Home Depot's Dennis Donovan says that "nobody believed that we could implement this amount of change is such a short period of time."
By Martin Booe
Comments 0 | Recommend 0

ecalling his early days in the spring of 2001 as executive vice president of human resources at Home Depot Inc., Dennis Donovan says he felt a sense of homecoming.

    As the son of a hardware store owner in Gardner, Massachusetts, he had, in a way, come full circle. Even today, his now retired 85-year-old father, Frank Donovan, still provides him with professional expertise.

    "He goes in our stores and gives me the scoop on how we’re doing," Donovan says. "He knows this business cold."

    Though Donovan himself knows a thing or two about home improvement, it’s human resources where he’s proved himself to be one of the sharpest tools in the shed.

    Among the nation’s 10 highest-paid human resources leaders, he’s No. 2, pulling in more than $5.4 million in total compensation, according to Workforce Management’s 2004 list of the 10 Highest-Paid Human Resources Executives.

    "When people ask what I do, I say, ‘I change things,’ " Donovan notes with typical understatement. "Every time I start a new job, it’s to put in the infrastructure so the organization can change effectively."

    Donovan’s manner and casual dress are low-key, but there’s nothing laid-back about the way the 55-year-old executive works.

    "When I came here and started outlining what we were going to do, I think people thought I was crazy," he says. "Nobody believed that we could implement this amount of change in such a short period of time."

    His immediate challenge was to place a human resources person in every store.

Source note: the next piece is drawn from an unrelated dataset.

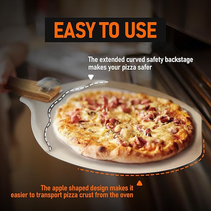 - 【Safe and reliable】: The newly designed apple shaped pizza peel not only looks beautiful but also makes it easier for your pizza paddle to enter and exit the oven, while avoiding bumps. The metal paddle have a Safety backstep, making your pizza safer when taken out of the oven.

The cost to the company was a penny a share, but Donovan garnered support for the initiative and filled 1,300 human resources slots in 12 weeks.

    He’s a big believer in the power of momentum. "Velocity," he says, "is our friend in the game of change."

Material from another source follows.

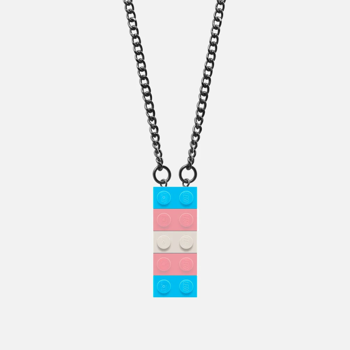 LEGO-Trans Flag Necklace transforms genuine LEGO bricks into a handcrafted Tran Flag, creating a whimsical yet wearable art piece.
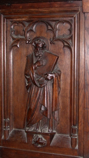 - chêne, mouluré, découpé, décor dans la masse, décor rapporté, décor en demi relief, teint, vernis

    Donovan’s résumé includes stints as senior vice president of human resources at Raytheon Co. and chief of human resources for the power systems business at General Electric Co., where he formed a close relationship with Home Depot CEO Bob Nardelli.

    "I can definitely say I came to Home Depot because of Bob Nardelli," he says.

    Donovan, a fellow of the National Academy of Human Resources and a member of its board of directors, earned a bachelor’s degree in industrial relations in 1971 and an MBA in 1972 from the University of Massachusetts. While working for General Electric, he also earned a law degree in 1979 from Western New England College School of Law.

    Donovan says he’s been fascinated with human resources since he worked at a furniture factory as a high school student.

    "I saw people working incredibly hard and not being treated that well, and I just got so interested in the employment relationships and how important work was in people’s lives," he says. "I saw some people who were lousy leaders--and I worked for one--and you’d find yourself sitting there hoping they’d fail rather than working hard to help them to succeed.

    "Then there were others who were terrific leaders, and I watched how they got their people behind them."

    For a man who has plenty of experience in restructuring and downsizing, he says that the responsibility of adding about 100,000 new jobs in the past few years has been a distinct pleasure.

    "I absolutely have a lot more fun growing a business than restructuring or consolidating one," he says.